What is needed:
Make an exact copy of all the data, pictures excluded.

(Data provided Opens)

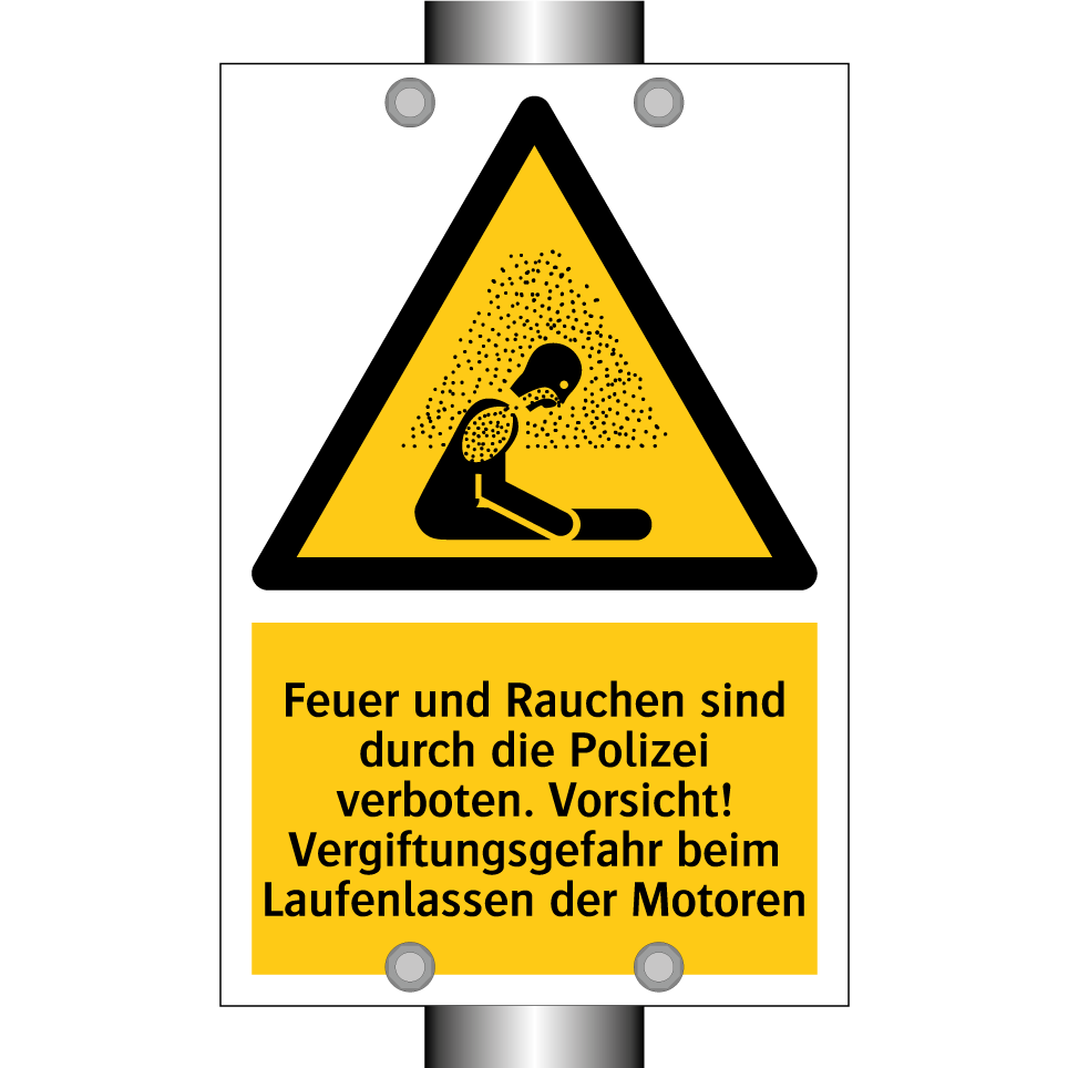 Warnschild mit dem Text Feuer und Rauchen sind durch die Polizei verboten. Vorsicht! Vergiftungsgefahr beim Laufenlassen der Motoren
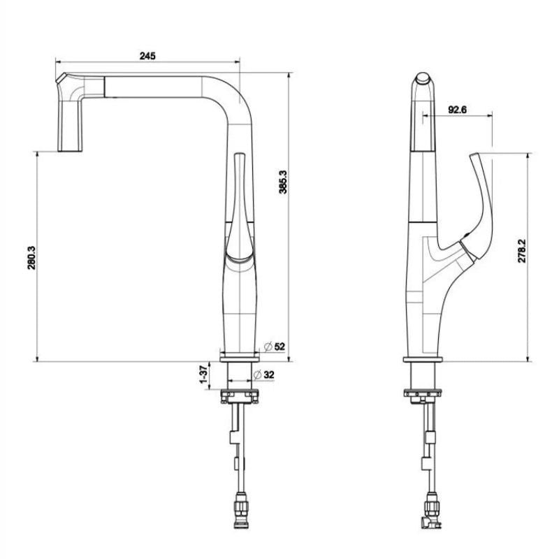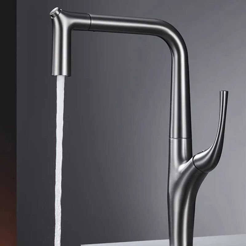 Eau chaude et froide : Oui Contrôle : Valve Installation : Sur plan (deck mounted) Montage : Vertical Matériau : Laiton Nombre de poignées : Une seule poignée Nombre de trous pour l’installation : Un seul trou Bec rotatif : Oui Type de bec : Pivotant Type de jet : Pull-out Style : Support simple, trou unique, contemporain Finitions disponibles : Chrome / Noir / Nickel Traitement de surface : Poli Type : Cartouche à disque en céramique Matériau du noyau de valve : Céramique
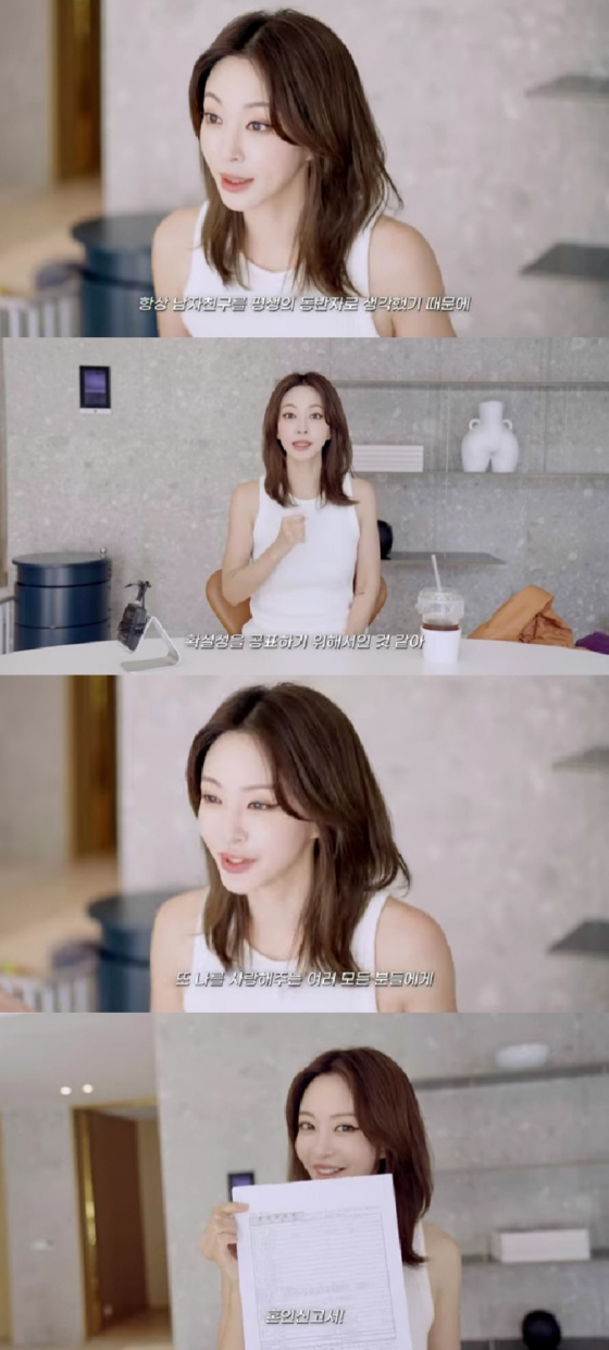 한예슬은 "지금 이 순간을 기다렸다. 내가 진짜 너무 좋고, '이거다' 싶은 건 변함 없고, 끝까지 하는 성향이기 때문에 내가 남자친구와 드디어 혼인신고를 했다"며 "이 영상을 찍을 때쯤이면 혼인신고를 하려고 준비하고 있는데, 나갈 때쯤이면 이미 혼인신고가 돼 있을 거다. 우리는 이제 정식으로 부부고, 나는 이제 품절녀가 됐다"고 말했다.

(Data provided Closes)

Exercise output:
 Warnschild mit dem Text Feuer und Rauchen sind durch die Polizei verboten. Vorsicht! Vergiftungsgefahr beim Laufenlassen der Motoren
 Eau chaude et froide : Oui Contrôle : Valve Installation : Sur plan (deck mounted) Montage : Vertical Matériau : Laiton Nombre de poignées : Une seule poignée Nombre de trous pour l’installation : Un seul trou Bec rotatif : Oui Type de bec : Pivotant Type de jet : Pull-out Style : Support simple, trou unique, contemporain Finitions disponibles : Chrome / Noir / Nickel Traitement de surface : Poli Type : Cartouche à disque en céramique Matériau du noyau de valve : Céramique
 한예슬은 "지금 이 순간을 기다렸다. 내가 진짜 너무 좋고, '이거다' 싶은 건 변함 없고, 끝까지 하는 성향이기 때문에 내가 남자친구와 드디어 혼인신고를 했다"며 "이 영상을 찍을 때쯤이면 혼인신고를 하려고 준비하고 있는데, 나갈 때쯤이면 이미 혼인신고가 돼 있을 거다. 우리는 이제 정식으로 부부고, 나는 이제 품절녀가 됐다"고 말했다.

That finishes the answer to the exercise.